The full data, repeated exactly, is the only answer needed.

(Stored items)
[Start of section]

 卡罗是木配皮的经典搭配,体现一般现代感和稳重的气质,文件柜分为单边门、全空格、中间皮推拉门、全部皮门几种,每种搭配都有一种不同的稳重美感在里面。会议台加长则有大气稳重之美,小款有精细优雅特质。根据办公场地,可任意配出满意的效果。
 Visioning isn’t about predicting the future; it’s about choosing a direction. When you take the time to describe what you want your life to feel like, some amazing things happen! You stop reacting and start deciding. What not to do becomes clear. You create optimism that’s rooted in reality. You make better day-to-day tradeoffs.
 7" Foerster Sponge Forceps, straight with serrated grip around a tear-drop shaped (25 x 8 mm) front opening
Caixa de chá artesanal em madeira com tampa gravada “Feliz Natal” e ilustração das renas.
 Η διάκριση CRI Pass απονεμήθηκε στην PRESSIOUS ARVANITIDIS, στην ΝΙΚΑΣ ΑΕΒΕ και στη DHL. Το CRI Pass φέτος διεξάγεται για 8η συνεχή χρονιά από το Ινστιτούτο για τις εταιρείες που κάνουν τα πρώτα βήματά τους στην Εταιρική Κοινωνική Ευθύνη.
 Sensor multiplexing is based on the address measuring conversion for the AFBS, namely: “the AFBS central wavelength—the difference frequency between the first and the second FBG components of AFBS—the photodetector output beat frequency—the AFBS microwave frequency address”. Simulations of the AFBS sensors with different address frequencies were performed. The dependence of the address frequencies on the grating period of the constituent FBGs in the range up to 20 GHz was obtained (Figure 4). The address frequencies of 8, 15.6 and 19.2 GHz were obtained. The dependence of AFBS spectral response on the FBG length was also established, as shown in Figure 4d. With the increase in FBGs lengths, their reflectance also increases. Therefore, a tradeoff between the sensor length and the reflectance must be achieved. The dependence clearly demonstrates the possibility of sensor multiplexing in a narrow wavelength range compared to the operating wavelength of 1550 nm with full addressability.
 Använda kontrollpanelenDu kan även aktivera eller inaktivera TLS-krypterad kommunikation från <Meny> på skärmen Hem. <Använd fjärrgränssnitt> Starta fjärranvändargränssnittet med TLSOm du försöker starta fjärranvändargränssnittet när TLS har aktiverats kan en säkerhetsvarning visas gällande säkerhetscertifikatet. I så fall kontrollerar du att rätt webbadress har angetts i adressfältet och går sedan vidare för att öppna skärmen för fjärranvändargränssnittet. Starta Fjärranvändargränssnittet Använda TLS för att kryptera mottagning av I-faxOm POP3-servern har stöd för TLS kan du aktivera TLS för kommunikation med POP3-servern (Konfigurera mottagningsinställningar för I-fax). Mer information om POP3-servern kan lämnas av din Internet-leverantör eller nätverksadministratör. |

[End of section]

REPLY TO THE EXERCISE:
 卡罗是木配皮的经典搭配,体现一般现代感和稳重的气质,文件柜分为单边门、全空格、中间皮推拉门、全部皮门几种,每种搭配都有一种不同的稳重美感在里面。会议台加长则有大气稳重之美,小款有精细优雅特质。根据办公场地,可任意配出满意的效果。
 Visioning isn’t about predicting the future; it’s about choosing a direction. When you take the time to describe what you want your life to feel like, some amazing things happen! You stop reacting and start deciding. What not to do becomes clear. You create optimism that’s rooted in reality. You make better day-to-day tradeoffs.
 7" Foerster Sponge Forceps, straight with serrated grip around a tear-drop shaped (25 x 8 mm) front opening
Caixa de chá artesanal em madeira com tampa gravada “Feliz Natal” e ilustração das renas.
 Η διάκριση CRI Pass απονεμήθηκε στην PRESSIOUS ARVANITIDIS, στην ΝΙΚΑΣ ΑΕΒΕ και στη DHL. Το CRI Pass φέτος διεξάγεται για 8η συνεχή χρονιά από το Ινστιτούτο για τις εταιρείες που κάνουν τα πρώτα βήματά τους στην Εταιρική Κοινωνική Ευθύνη.
 Sensor multiplexing is based on the address measuring conversion for the AFBS, namely: “the AFBS central wavelength—the difference frequency between the first and the second FBG components of AFBS—the photodetector output beat frequency—the AFBS microwave frequency address”. Simulations of the AFBS sensors with different address frequencies were performed. The dependence of the address frequencies on the grating period of the constituent FBGs in the range up to 20 GHz was obtained (Figure 4). The address frequencies of 8, 15.6 and 19.2 GHz were obtained. The dependence of AFBS spectral response on the FBG length was also established, as shown in Figure 4d. With the increase in FBGs lengths, their reflectance also increases. Therefore, a tradeoff between the sensor length and the reflectance must be achieved. The dependence clearly demonstrates the possibility of sensor multiplexing in a narrow wavelength range compared to the operating wavelength of 1550 nm with full addressability.
 Använda kontrollpanelenDu kan även aktivera eller inaktivera TLS-krypterad kommunikation från <Meny> på skärmen Hem. <Använd fjärrgränssnitt> Starta fjärranvändargränssnittet med TLSOm du försöker starta fjärranvändargränssnittet när TLS har aktiverats kan en säkerhetsvarning visas gällande säkerhetscertifikatet. I så fall kontrollerar du att rätt webbadress har angetts i adressfältet och går sedan vidare för att öppna skärmen för fjärranvändargränssnittet. Starta Fjärranvändargränssnittet Använda TLS för att kryptera mottagning av I-faxOm POP3-servern har stöd för TLS kan du aktivera TLS för kommunikation med POP3-servern (Konfigurera mottagningsinställningar för I-fax). Mer information om POP3-servern kan lämnas av din Internet-leverantör eller nätverksadministratör. |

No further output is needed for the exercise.